Auf Antrag von IMS untersagte das Landgericht Frankfurt am Main der Pharma Intranet Information AG (und nachfolgend NDC), irgendeine Struktur zu verwenden, die von jener von IMS abgeleitet ist, weil die von IMS verwendete Struktur ein dem Urheberrechtsschutz zugängliches Datenbankwerk wäre. Das LG Frankfurt am Main vertrat die Ansicht, IMS würde sich nicht weigern dürfen, NDC eine Lizenz zu erteilen, wenn diese Weigerung nach dem Gemeinschaftsrecht als Missbrauch einer beherrschenden Stellung anzusehen wäre. Es legte daher dem EuGH Fragen über die Bedingungen vor, unter denen ein solches Verhalten den Missbrauch einer beherrschenden Stellung darstellt.

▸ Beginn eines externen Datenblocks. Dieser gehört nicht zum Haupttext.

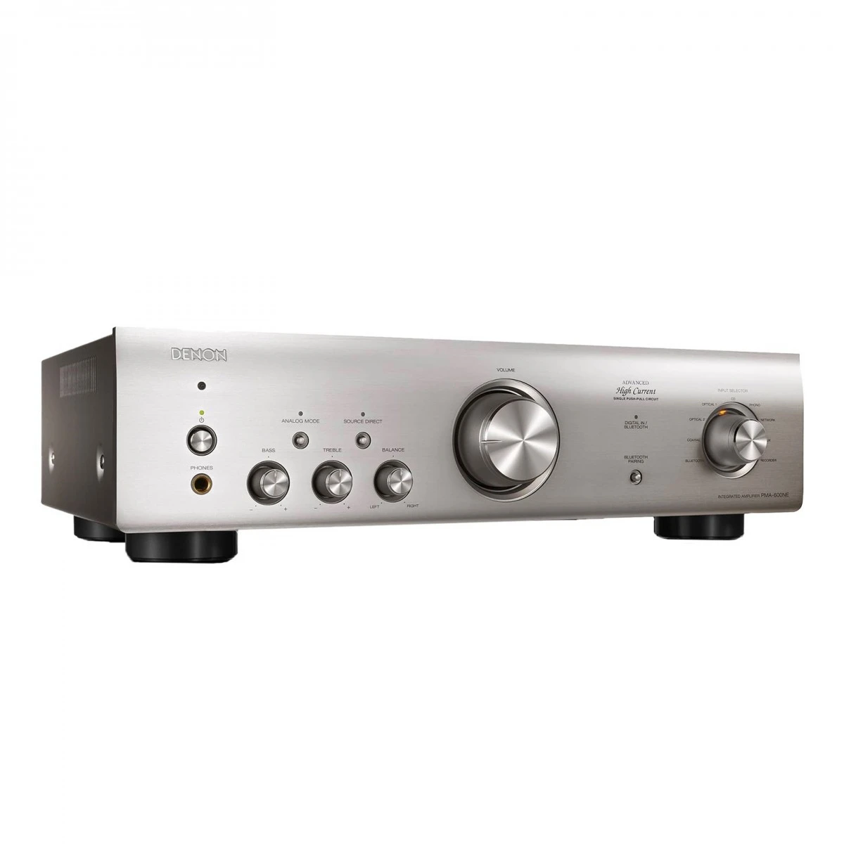 The Denon PMA-600NE Integrated Stereo Amplifier is designed to excellence and is an ideal choice for those who want to build their first 2-channel HiFi system. Powered by the Denon Advanced High Current (AHC) single-push-pull circuit power amplifier, the PMA-600NE integrated amplifier delivers 45 Watts (8ohm, 20Hz-20kHz, THD 0.07) of power per channel. Easily connect analogue and digital sources including your turntable to the built-in phono pre-amp. Listen to your favourite high-resolution audio content with the 192kHz/24bit D/A converter or connect via Bluetooth to stream nearly unlimited songs. The PMA-600NE provides exceptional sound quality that balances high power with delicate, musical details.

Der Europäische Gerichtshof stellt zunächst fest, dass es Sache des nationalen Gerichts ist, zu beurteilen, ob ein Produkt oder eine Dienstleistung unerlässlich für ein Unternehmen ist, das auf dem betreffenden Markt tätig werden will. In diesem Zusammenhang muss das nationale Gericht untersuchen, ob es Produkte oder Dienstleistungen gibt, die Alternativlösungen darstellen.

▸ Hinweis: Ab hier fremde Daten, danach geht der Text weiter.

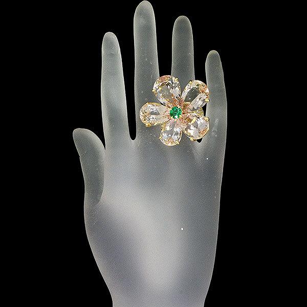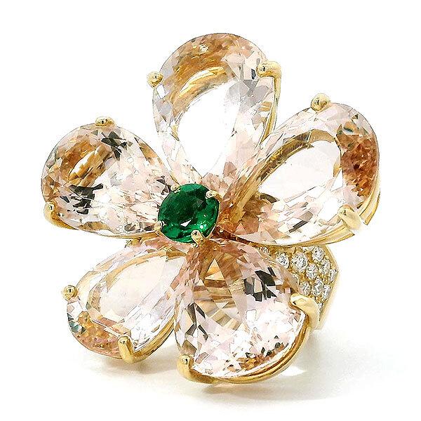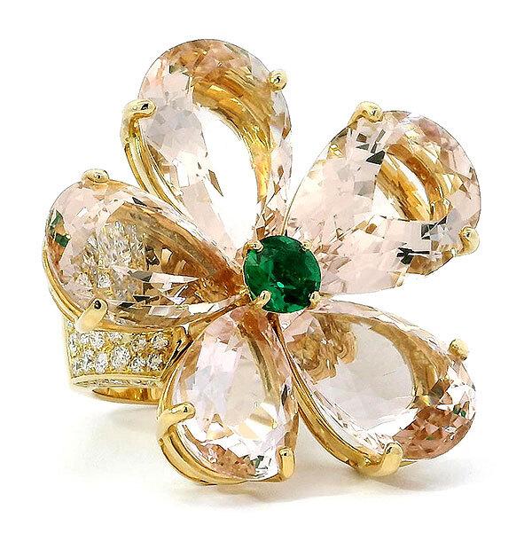 BVLGARI BVLGARI Flower Emerald, Pink Beryl and Diamond Ring, 18K Yellow Gold, Size 13. #6.1/4(US) / 53(EU) / 13(JP) P0044694

Im vorliegenden Fall kann das nationale Gericht berücksichtigen, dass die intensive Einbeziehung der Pharmaunternehmen in die Entwicklung der Bausteinstruktur eine Abhängigkeit technischer Art der Nutzer von dieser Struktur schaffen konnte. Daher wäre es für die betreffenden Pharmaunternehmen wahrscheinlich mit enormem technischen und wirtschaftlichen Aufwand verbunden, auf den Erwerb von Marktberichten umzustellen, die auf einer Alternativstruktur beruhen.

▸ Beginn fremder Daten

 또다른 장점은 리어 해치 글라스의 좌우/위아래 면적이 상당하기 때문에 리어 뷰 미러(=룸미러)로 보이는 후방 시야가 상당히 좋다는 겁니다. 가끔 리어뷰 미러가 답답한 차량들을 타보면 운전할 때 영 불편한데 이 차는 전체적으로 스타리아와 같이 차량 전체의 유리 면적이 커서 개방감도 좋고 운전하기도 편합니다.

Anschließend weist der EuGH darauf hin, dass das ausschließliche Recht der Vervielfältigung zu den Vorrechten des Inhabers eines Immaterialgüterrechts gehört, so dass die Verweigerung einer Lizenz als solche keinen Missbrauch einer beherrschenden Stellung darstellen kann. Die Ausübung des ausschließlichen Rechts kann jedoch unter außergewöhnlichen Umständen als missbräuchliches Verhalten anzusehen sein. Ein Unternehmen, das über ein Recht des geistigen Eigentums verfügt und den Zugang zu Erzeugnissen oder Dienstleistungen verweigert, die für eine bestimmte Tätigkeit unerlässlich sind, handelt missbräuchlich, wenn drei Bedingungen erfüllt sind:
.) Das Unternehmen, das um die Lizenz ersucht hat, beabsichtigt, neue Erzeugnisse oder Dienstleistungen anzubieten, die der Inhaber des betreffenden Rechts nicht anbietet und für die eine potenzielle Nachfrage der Verbraucher besteht;
.) die Weigerung ist nicht aus sachlichen Gründen gerechtfertigt;
.) die Weigerung ist geeignet, dem Unternehmen, das über das Recht des geistigen Eigentums verfügt, den betreffenden Markt vorzubehalten, indem jeglicher Wettbewerb auf diesem Markt ausgeschlossen wird.